# No Power / No Spark $650 1999 Nissan Pathfinder 3.3 Liter Bad Coil



## vacationtime247 (Jan 31, 2013)

Just purchased a $650 1999 Nissan Pathfinder 4 X 4 with the 3.3 Liter VG33E engine and automatic transmission. It fires over, but won't start. So with a few test tools, I checked for spark. No spark at the plug wire end. Moved forward, to the cap. No spark out the cap. Pulled the distributor cap to inspect the coil, it's mounted inside not external. Tested at the coil with a spark tester, it had some spark but couldn't jump the air gap when opened wider. So, I had my wife turn the key over to run it. Looked down inside the distributor and seen the coil arcing out between the coil and the metal distributor casing. Pulled out the coil and found a black spot where the coil had been hitting the inside of the distributor. Moral of the story, if your having a miss or a no start / no spark situation, inspect your coil. Just bought mine on eBay for $35 with free shipping. 

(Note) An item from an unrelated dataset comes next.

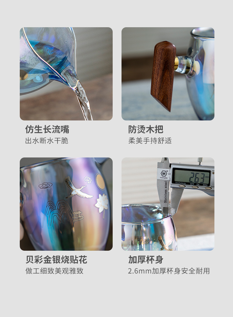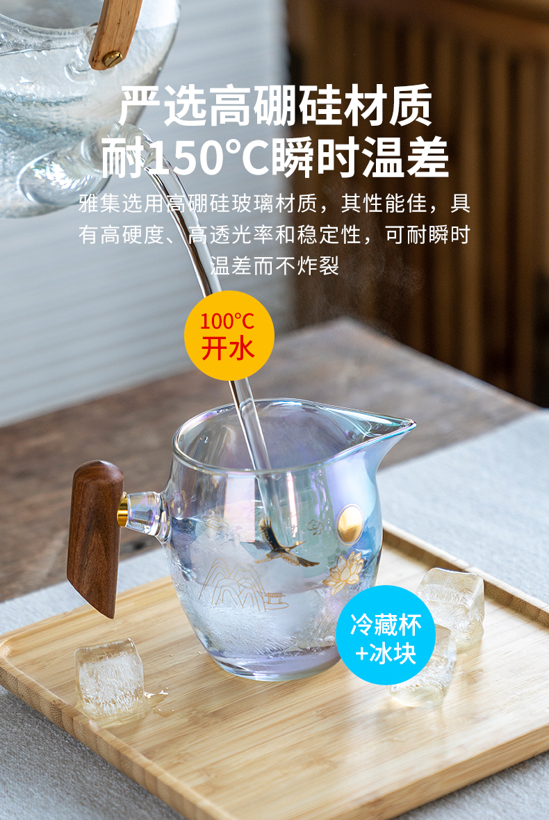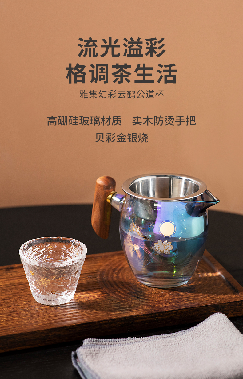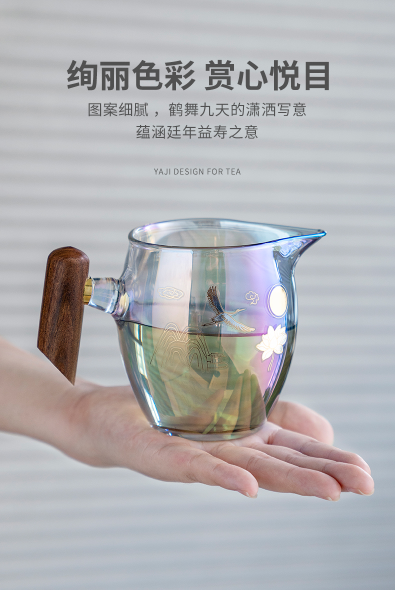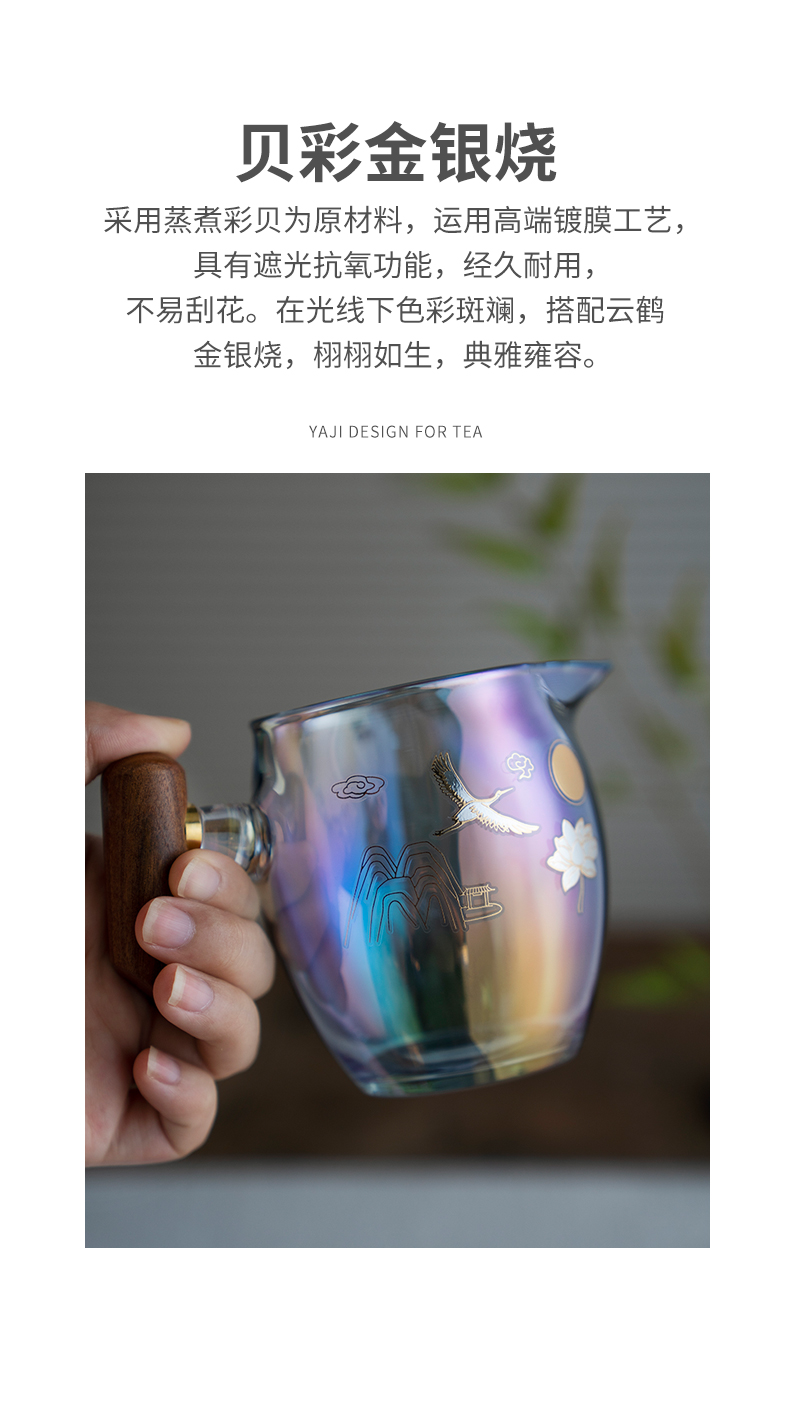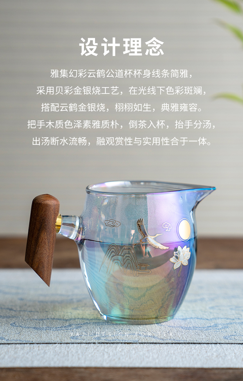 雅集茶具木把公道杯360ml 幻彩云鹤带茶隔

I'm going to flip this truck quick since it's tax time for an easy $1600. Double up my money on this one. Buy and sell these cars for a quick dollar. Same person that sold me this Pathfinder sold me a beater 2001 Mitsubishi Eclipse Spyder for $400. Tow bill on the Eclipse was $45, tow bill on the Pathfinder was $85 'cause it needed winched from his backyard. So I was in $450 on the Eclipse. Key would turn on but no power to the dash and nothing happened with the engine, fuel pump, etc. Checked the 40 amp ignition fuse and found it to be bad. Fixed that and it fired right up! Sold the Eclipse in a day for $900. Told me the same story on the Pathfinder, driving along and it quit. Coil shorted out on the Pathfinder. Anyway, this is my story. Use these forums to fix 'em up and sell 'em quick. Thanks y'all.
VT247


----------